▸ **Task to complete**: For the entries below, copy exactly the line that contains "Deze thee bevat" through the line that contains "센터는 올해 선발된 교육생", both ends included, and exclude all pictures.

▸ **Extracted records**:
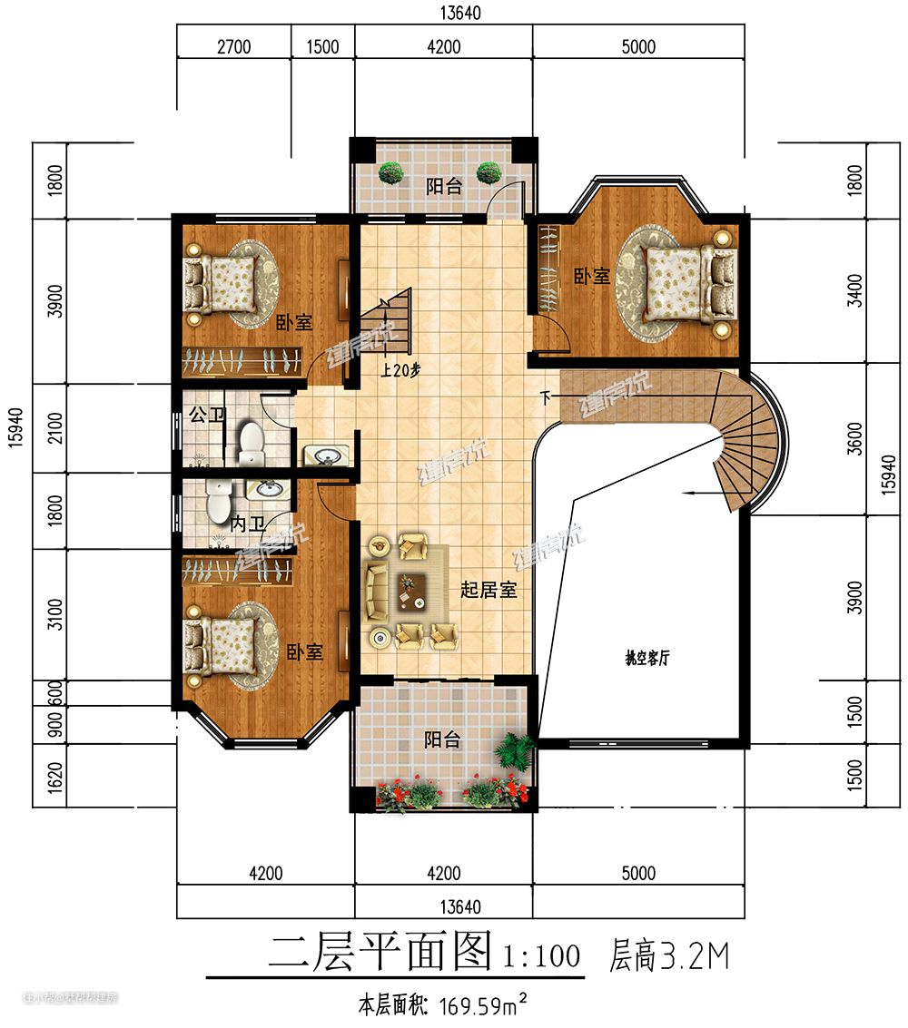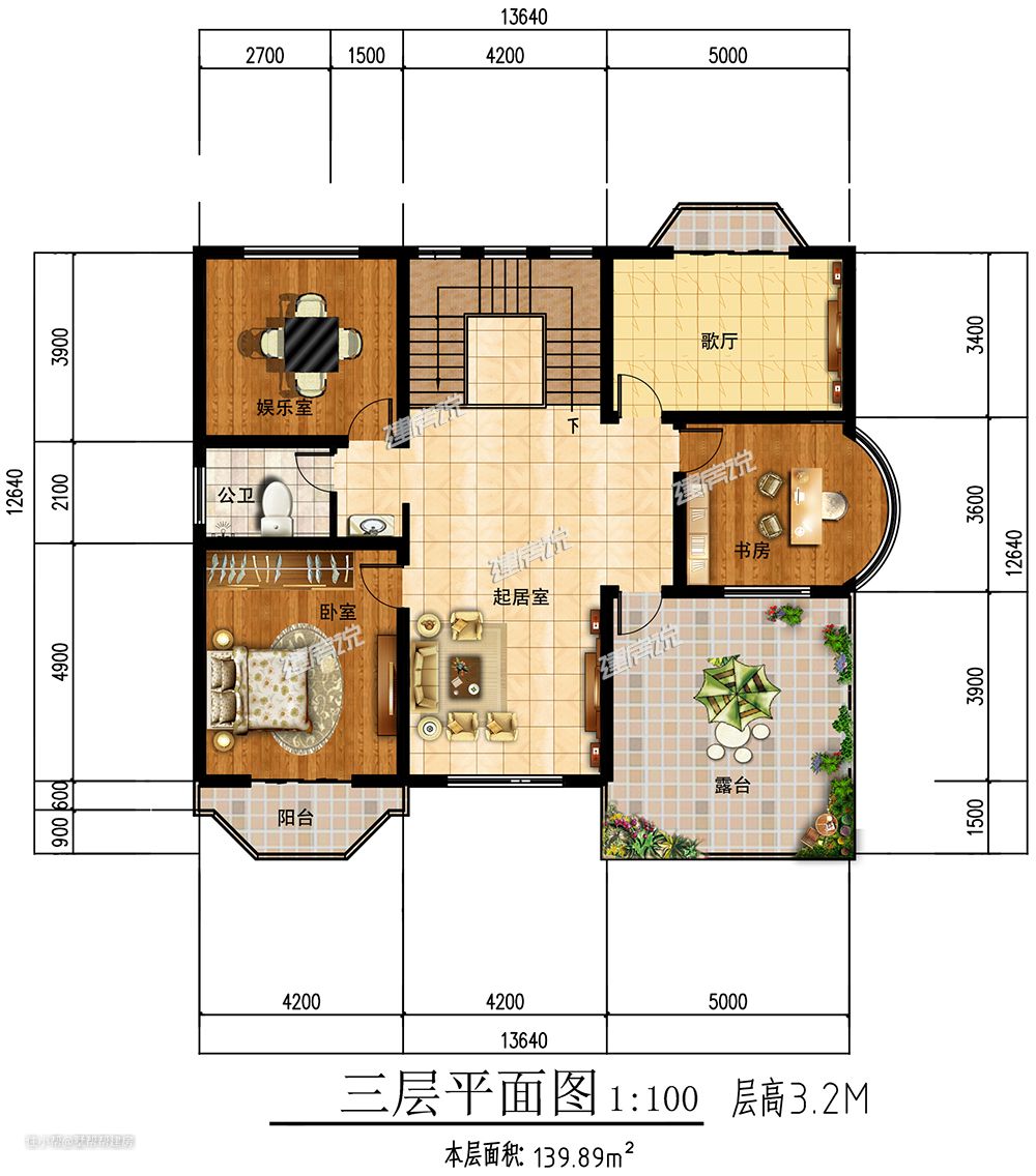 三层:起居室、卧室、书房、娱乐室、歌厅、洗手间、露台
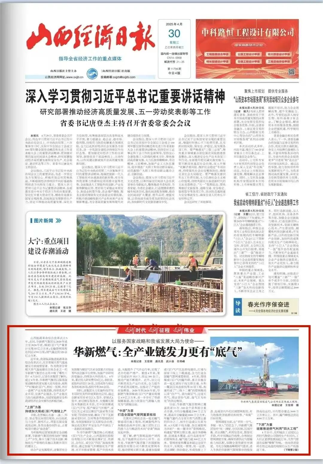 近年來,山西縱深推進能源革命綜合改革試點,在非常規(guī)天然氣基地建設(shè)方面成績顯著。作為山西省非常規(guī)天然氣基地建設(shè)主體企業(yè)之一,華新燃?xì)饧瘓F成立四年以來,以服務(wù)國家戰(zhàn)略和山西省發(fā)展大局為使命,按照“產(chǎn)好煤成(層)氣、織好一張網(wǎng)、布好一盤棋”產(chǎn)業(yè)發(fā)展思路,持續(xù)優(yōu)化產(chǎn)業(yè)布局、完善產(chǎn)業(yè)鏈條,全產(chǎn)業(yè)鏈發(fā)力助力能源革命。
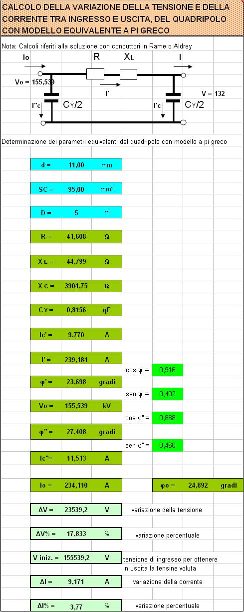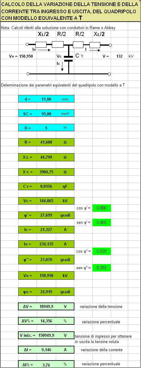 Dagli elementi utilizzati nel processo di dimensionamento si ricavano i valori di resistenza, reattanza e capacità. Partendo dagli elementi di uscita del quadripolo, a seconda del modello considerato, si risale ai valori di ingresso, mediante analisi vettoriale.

...

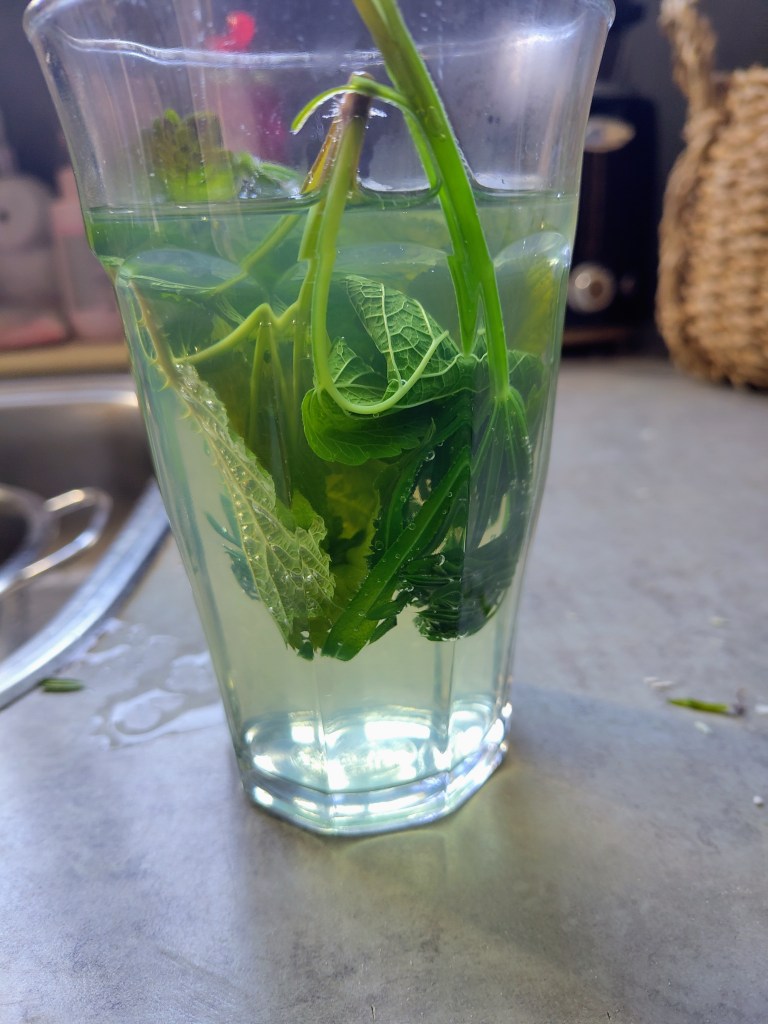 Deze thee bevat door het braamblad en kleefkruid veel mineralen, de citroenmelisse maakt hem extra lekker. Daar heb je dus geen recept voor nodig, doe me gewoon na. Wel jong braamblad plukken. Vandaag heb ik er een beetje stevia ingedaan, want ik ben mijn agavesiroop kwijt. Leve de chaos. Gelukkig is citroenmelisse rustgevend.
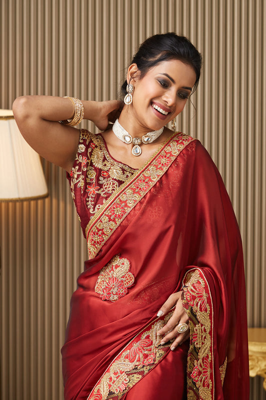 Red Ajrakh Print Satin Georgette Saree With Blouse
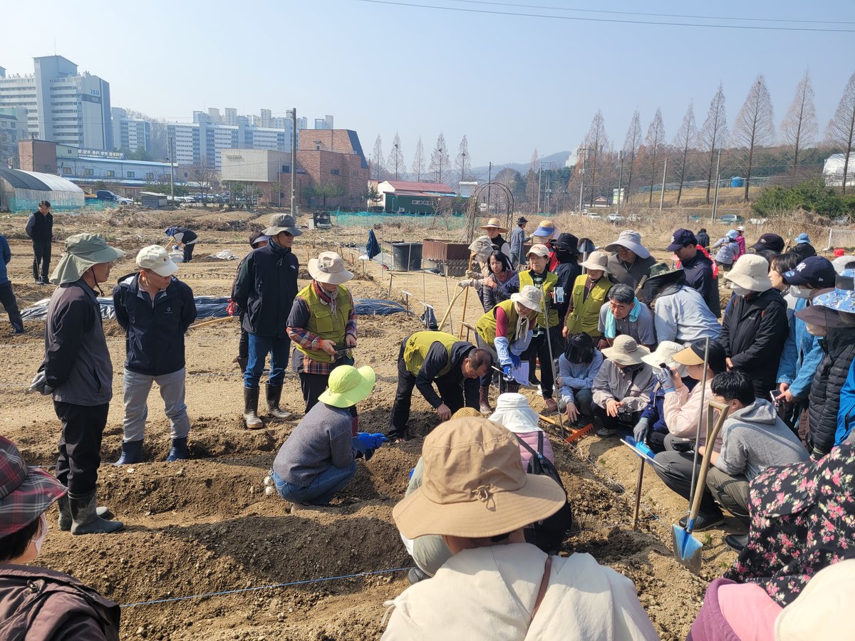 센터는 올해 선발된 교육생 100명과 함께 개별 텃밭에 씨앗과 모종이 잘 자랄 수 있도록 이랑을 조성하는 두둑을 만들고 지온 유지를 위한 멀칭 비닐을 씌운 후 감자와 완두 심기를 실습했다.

▸ **Task response**:
 Deze thee bevat door het braamblad en kleefkruid veel mineralen, de citroenmelisse maakt hem extra lekker. Daar heb je dus geen recept voor nodig, doe me gewoon na. Wel jong braamblad plukken. Vandaag heb ik er een beetje stevia ingedaan, want ik ben mijn agavesiroop kwijt. Leve de chaos. Gelukkig is citroenmelisse rustgevend.
 Red Ajrakh Print Satin Georgette Saree With Blouse
 센터는 올해 선발된 교육생 100명과 함께 개별 텃밭에 씨앗과 모종이 잘 자랄 수 있도록 이랑을 조성하는 두둑을 만들고 지온 유지를 위한 멀칭 비닐을 씌운 후 감자와 완두 심기를 실습했다.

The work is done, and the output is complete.